### What is being asked
Give back the full listing as written. No pictures go with it.
::: Materials provided
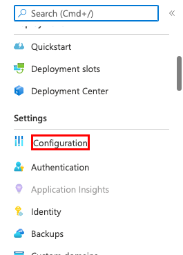 In the App Service page, in the left menu, select Configuration. Screenshot showing how to open the configuration page in App Service.
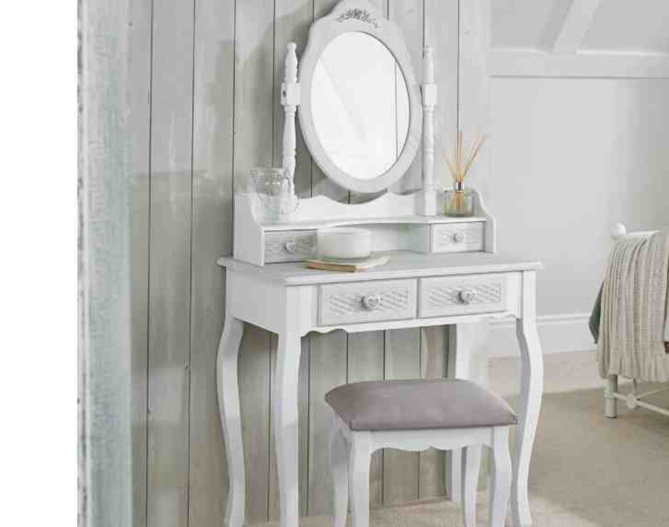 Baldassario White High Gloss Dressing Table With Mirror
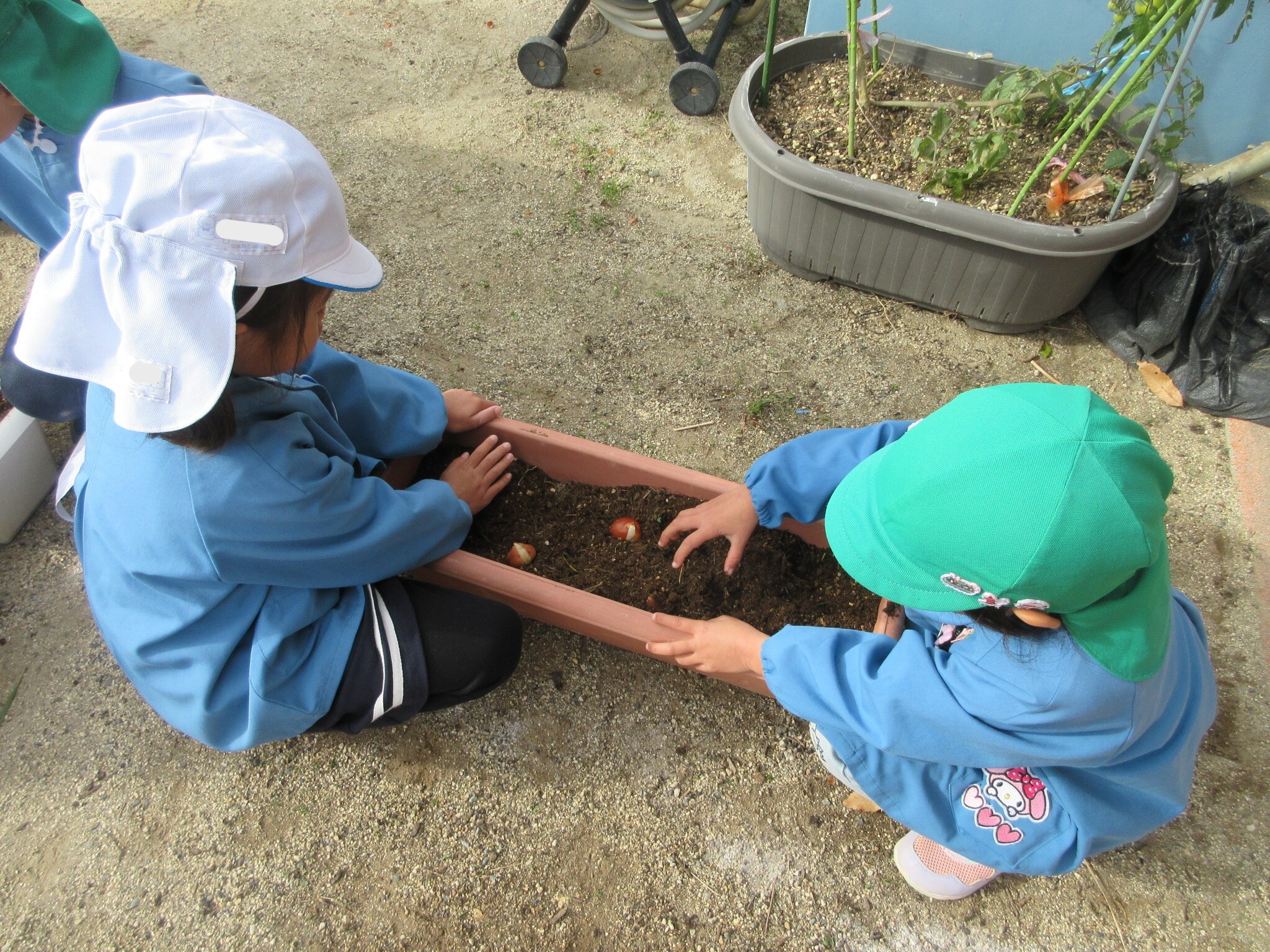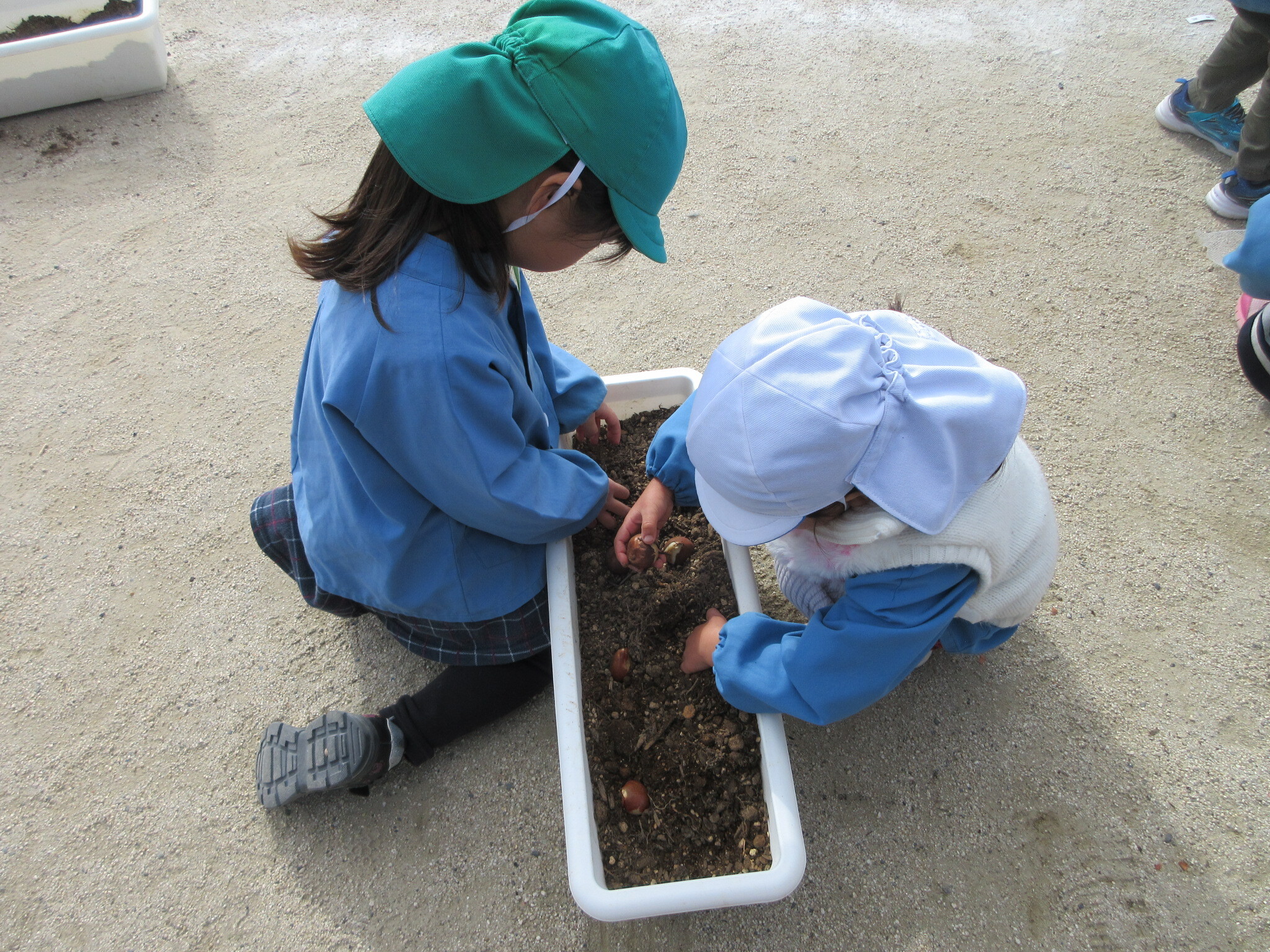 幼稚園では、チューリップの球根の植えつけが行われました。
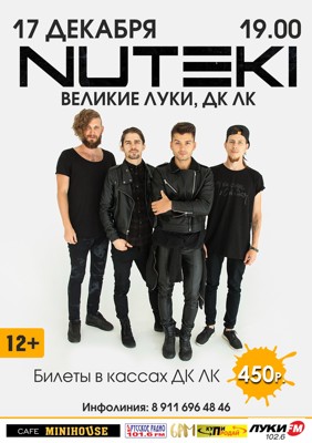 Nuteki 12+ 9 декабря 2015 21:15 0 ДК ЛК 17 декабря — 19:00Адрес: улица Зверева, 29Телефон: 5-72-75 Поделиться:
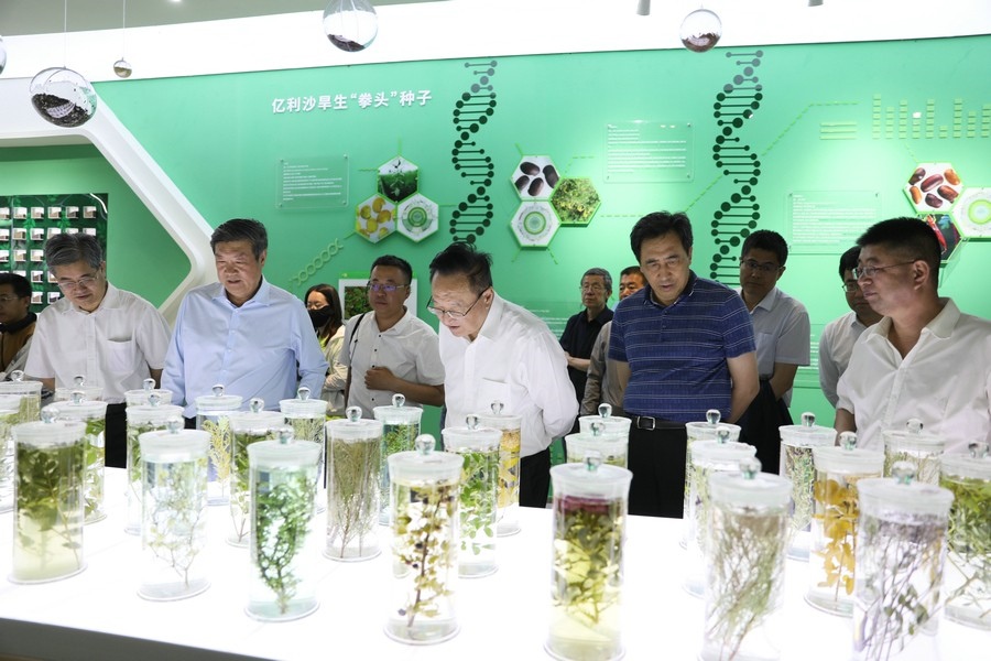 院士專(zhuān)家在庫(kù)布其沙旱生灌木種質(zhì)資源庫(kù)參觀 記者 張楊攝影
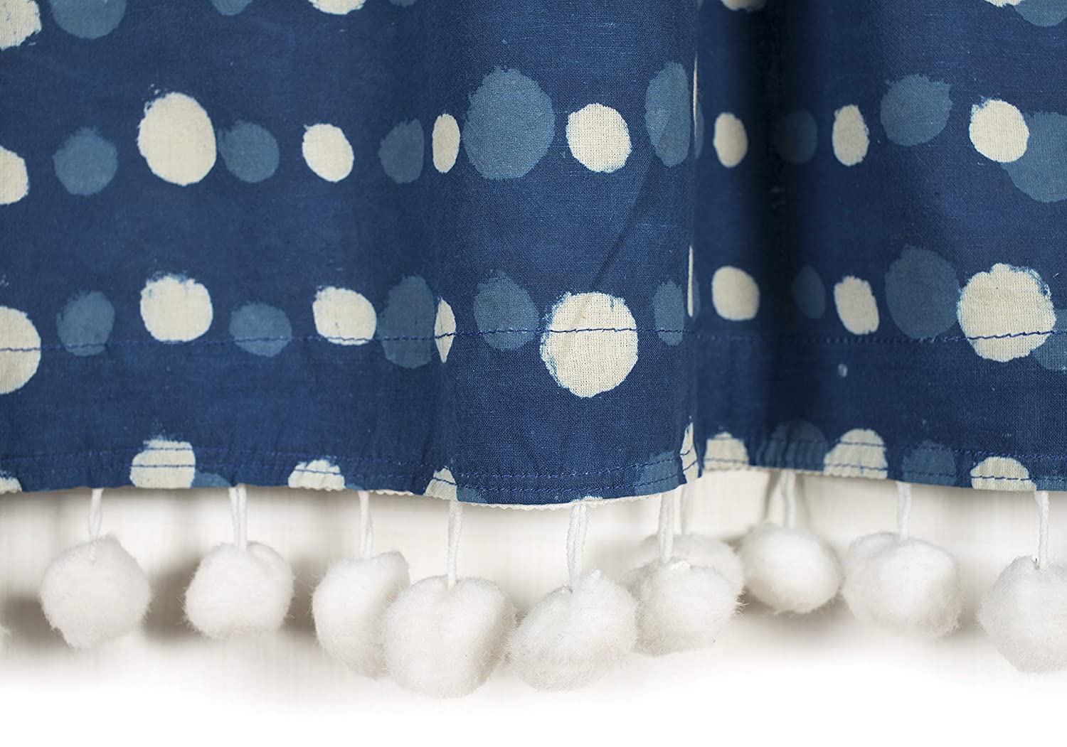 • Color - Indigo Blue & White, Pattern - Polka Dot, Curtain has Decor Pom Pom Lace.
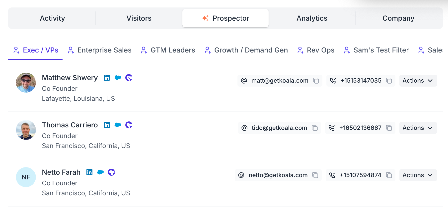 2. Account-Level Prospect Tab: An account-specific prospecting view.
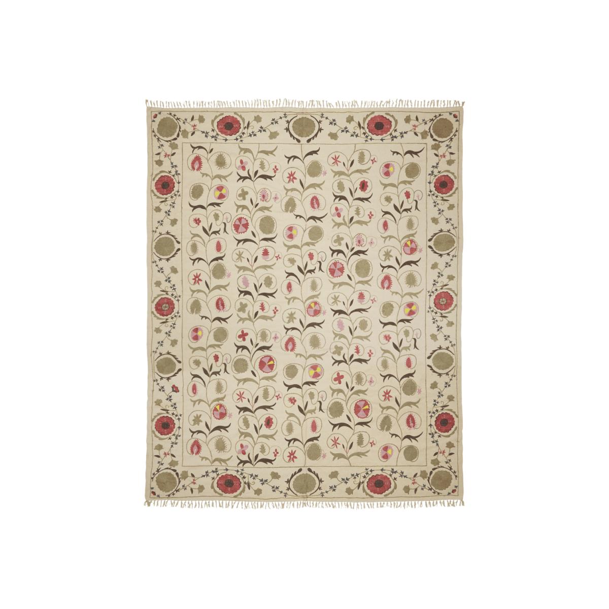 A natural-colored rug with an abstract floral design and olive-toned accents. The stitches from the intricate hand-embroidery are visible when you turn over one of the corners of the rug.
::::::
### Exercise response
 In the App Service page, in the left menu, select Configuration. Screenshot showing how to open the configuration page in App Service.
 Baldassario White High Gloss Dressing Table With Mirror
 幼稚園では、チューリップの球根の植えつけが行われました。
 Nuteki 12+ 9 декабря 2015 21:15 0 ДК ЛК 17 декабря — 19:00Адрес: улица Зверева, 29Телефон: 5-72-75 Поделиться:
 院士專(zhuān)家在庫(kù)布其沙旱生灌木種質(zhì)資源庫(kù)參觀 記者 張楊攝影
 • Color - Indigo Blue & White, Pattern - Polka Dot, Curtain has Decor Pom Pom Lace.
 2. Account-Level Prospect Tab: An account-specific prospecting view.
 A natural-colored rug with an abstract floral design and olive-toned accents. The stitches from the intricate hand-embroidery are visible when you turn over one of the corners of the rug.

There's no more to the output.